La città: una Bejing a due facce.

La città si sviluppa di 5 anelli, (presente il GRA di Roma?uguali) senza i quali la circolazione sarebbe ancora peggio. Il traffico è un autentico problema. In costruzione ce ne sono altri due. Senza proprietà privata è più facile sventrare e fare parcheggi e edificioni grigi che svettano verso un cielo dello stesso colore.

Uno degli architetti italiani che ho intervistato in questi giorni, mi ha detto che prima dell’assegnazione delle Olimpiadi, quando la commissione direttiva venne in città, la circolazione delle auto, fu pilotata, le auto eleganti potevano andare ovunque, quelle vecchie e malandate potevano accedere solo a determinate zone. Questa piccolezza, chiamiamola così, mi ha fatto ricordare quando vennero a Napoli i G7. Questi sarebbero passati a Via museo e quindi si restaurò la facciata principale del museo nazionale che affacciava sull’omonima strada e non la parte laterale che dà a santa Teresa degli Scalzi. Ogni mondo è paese. Ma la realtà di Pechino ha veramente due facce. Quella che si vedrà alle olimpiadi sarà quella ufficiosa, quella messa a nuovo, lo stadio di Herzog & de Meuron, il Watercube di PTW, le torri congiunte di Rem Khoolas e il nuovo teatro di Paul Auster.

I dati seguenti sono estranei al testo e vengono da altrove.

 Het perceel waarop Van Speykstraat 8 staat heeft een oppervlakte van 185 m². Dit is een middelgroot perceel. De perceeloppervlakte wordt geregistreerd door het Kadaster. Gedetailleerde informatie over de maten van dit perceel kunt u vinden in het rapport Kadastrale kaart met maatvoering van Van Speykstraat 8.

L’altra faccia è nascosta tra gli hutong e in altri quartieri poveri, molto ma molto cinesi. Gli hutong sono i vicoli che si sviluppano intorno alla città proibita, alla piazza Tian’anmen e a tutto il centro storico. A volte ci sono vicoli che hanno ampiezza 50 centimetri. A volte puoi vedere (l’ho fotografato) un impianto esteriore di aria condizionata sul muro delle baracche. Le biciclette sfrecciano tra i panni stesi, spesso rattoppati, i vapori acri che fuoriescono dalle pentole incrostate, idratano le piante della casa giardino che è davvero un tutt’uno. Poi ci sono i cinesi che hanno delle botteghe sulle strade principali, e ….nel retrobottega, se si aguzza la vista, s’intravede qualche coperta e qualche cuscino. D’estate poi dormono tutti allegramente per strada, materasso di 4 centimetri per terra e via.

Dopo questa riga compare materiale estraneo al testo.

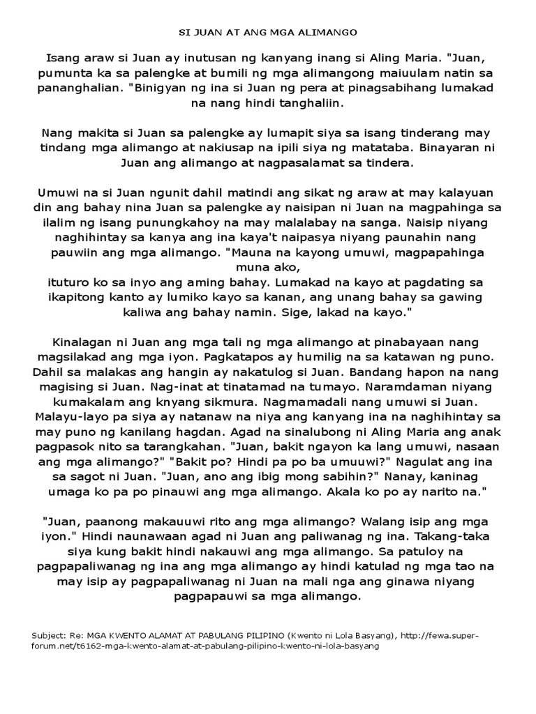 Halimbawa Ng Mga Maikling Kwento Ni Lola Basyang Shekinah S Blog

I segni del comunismo si vedono nelle piazze, quando alle 8 di sera, in bicicletta arrivano le coppie, che dopo il lavoro, prima di rientrare a casa, si mettono a ballare il valzer, seguendo una musica che arriva chissà da dove. Anche in questo caso mi sono realmente emozionata. C’erano almeno 100 coppie. Il segno comunista appare quando alle fermate dell’autobus, sotto il vetro verticale sono esposte le pagine del quotidiano, così possono leggerlo anche quelli che non possono comprarlo.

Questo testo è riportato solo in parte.